Biofortified rice is not currently available for distribution in the Philippines, but biofortified crops are available in many other countries. For example, in Bangladesh, large quantities of seed of several zinc rice varieties are already available. The Bangladesh Agricultural Development Corporation (BADC), a government entity, is responsible for a high proportion of rice seed multiplied and sold to farmers each year. By immediately increasing the proportion of biofortified seed produced through the Bangladesh Rice Research Institute (BRRI) and BADC, zinc intakes in Bangladesh perforce will be increased.
Yields of biofortified crops are high. Therefore, the market price to consumers of biofortified foods will be the same as for non-biofortified foods. Substituting biofortified food staples in diets, at a one-for-one rate to non-biofortified foods, provides additional nutrients (an additional 20-40 percent of daily requirements) at no extra cost to family food budgets. Biofortified staple foods not only make a contribution to better nutrition under COVID-19—they will contribute to provide more-nutritious food supplies after COVID-19 is fully contained. The benefits of biofortified crops sustain harvest after harvest.

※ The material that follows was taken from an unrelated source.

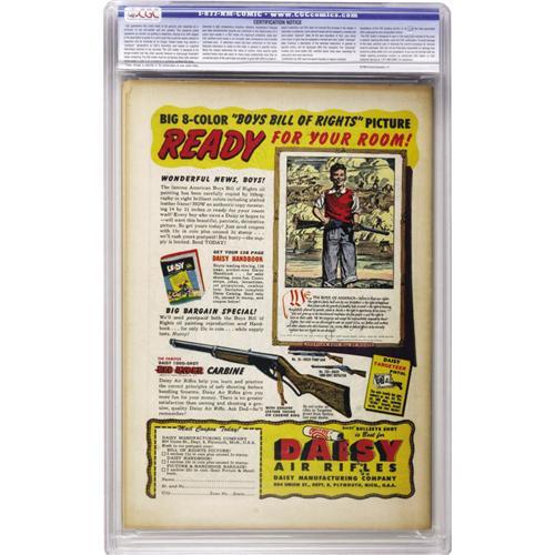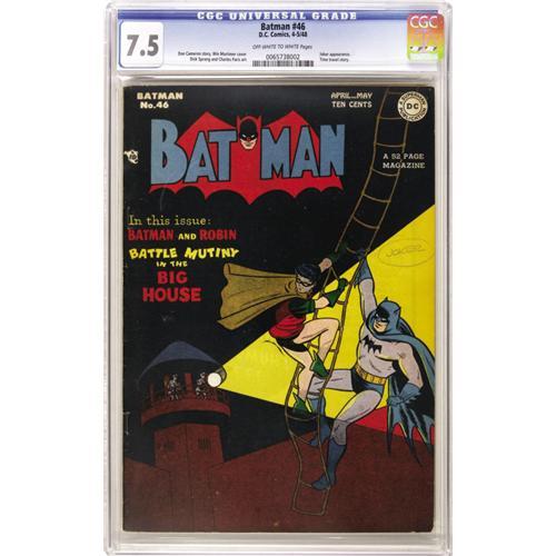 <B>Batman #46 (DC, 1948) CGC VF- 7.5 Off-white to white pages.</B></I> The dark cover means this is a tough book to find in higher grades, and, in fact, this comes mighty close to the highest-graded copy CGC has reviewed to date, a VF+ 8.5. That one and a VF 8.0 are the only copies keeping this one from the top of CGC's census. In this issue the Joker makes an appearance, and a time travel story is featured. The cover is by Win Mortimer, with Dick Sprang helping with story artwork. Overstreet 2006 VF 8.0 value = $519. CGC census 10/06: 3 in 7.5, 2 higher.<BR><BR><b>Shipping:</b> Slabbed Comic (<a target="_blank" href="http://www.heritageauctions.com/common/shipping.php">view shipping information</a>)
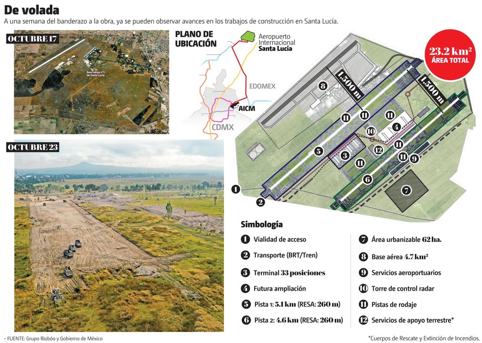 No obstante, MILENIO publicó el pasado 22 de octubre que propietarios de terrenos contiguos a la base aérea obtuvieron la suspensión definitiva para que no se puedan realizar las obras dentro de lo que se conoce como Zona de Amortiguamiento Acústico.

To repeat: Biofortification can be implemented even under lockdown and at virtually no extra cost to governments and consumers. This is not magic. This is the result of 17 years of investments in agricultural and nutrition research to develop high-yielding, high-nutrient staple food crops. Now, under the difficult conditions of COVID-19, is an opportunity to reap the rewards of this long-term investment in improved nutrition.
Note: Howarth “Howdy” Bouis is Founding Director of HarvestPlus and Emeritus Fellow of the International Food Policy Research Institute (IFPRI). Bouis shared the World Food Prize in 2016 in recognition of his seminal efforts to advance development and implementation of staple crop biofortification.